In a recent study, we showed that increasing dietary protein intake from 1.7 to 2.0 g/kg/day, during a period of intensified training, did not enhance muscle protein synthesis (i.e. a key regulator of muscle growth). In this study, the extra portion of protein was provided via a high-quality whey protein supplement. And, on first glance, some may be eager to suggest that these findings support a ‘food-first’ approach, with supplements having no role whatsoever.
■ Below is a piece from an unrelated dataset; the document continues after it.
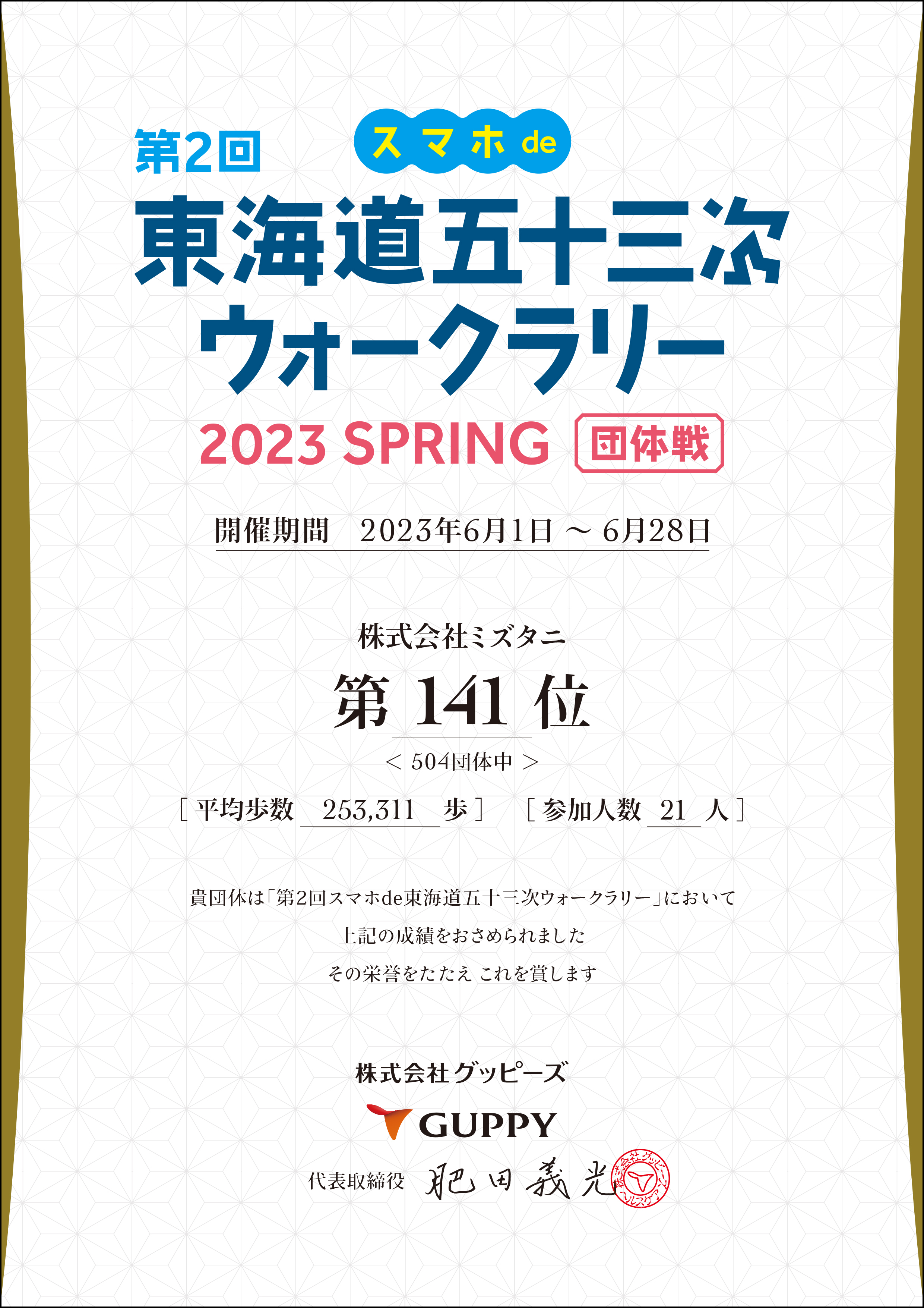 弊社は、2023 年 6 月 1 日~28 日に開催された、第 2 回スマホ de 東海道五十三次ウォークラリーにおいて、 28 日間の平均累計歩数253,311歩を記録し、504 団体中141位を受賞いたしました。

However, I would argue that even if the extra portion of protein was from food – for example a 100 g of steak – we still would not have seen any increase in muscle protein synthesis. The reason we saw no further increase, in response to more protein, was not due to the supplement not being effective – we have shown that not to be the case here. Rather, it was due to the 1.7 g/kg of dietary protein being (i) evenly distributed (3-5 h intervals throughout the day), (ii) optimally dosed (> 0.3 g/kg per meal) and (iii) of high-quality (i.e. high bioavailability of essential amino acids, particularly leucine). Put simply, focusing on the dose, timing and quality of the protein is much more important than the total daily intake, or whether the protein comes in food or supplement form.
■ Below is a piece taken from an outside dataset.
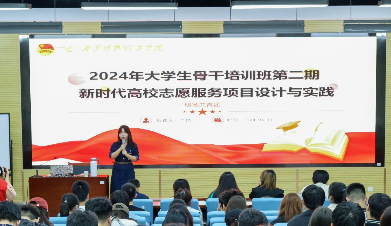 为深入学习贯彻习近平新时代中国特色社会主义思想和党的二十大精神,引领大学生骨干提高对志愿服务的理解和实践能力,提升学生组织力、凝聚力及社会责任感,学校团委于2024年4月11日在建德楼202报告厅开展了2024年春季学期大学生骨干培训班第二期。此期培训由艺术与设计学院团委书记兰艳主讲,主题为《新时代高校志愿服务项目设计与实践》,校团委副书记乔建、校院团学骨干近200名师生参加此次培训。

So, if we can maximise muscle protein synthesis without the need for protein supplementation, do protein supplements have any place in an athlete’s diet? Apparently not. However, it must be noted that the diet in this study was designed by a qualified dietician and personalised to each athlete. The food was prepared by a resident chef, portioned into ready-eat-meals, then delivered to their front doorstep every-morning, with a reminder of how to cook and when to eat the meals. The athletes were also monitored daily, having to complete checklists/questionnaires every-day to ensure they were following the diet correctly. Whilst this allowed us remarkable control during the study, it cost about €50/day per athlete. So, for athletes who do not have a qualified dietician and personal chef to hand, especially those with dietary restrictions (e.g. dieting/weight-cutting, vegan/vegetarian/plant-based, allergies or other health conditions), high-quality protein supplements may have an important role in providing all the essential nutrients required to optimise muscle growth, in a cost-effective/time-efficient manner.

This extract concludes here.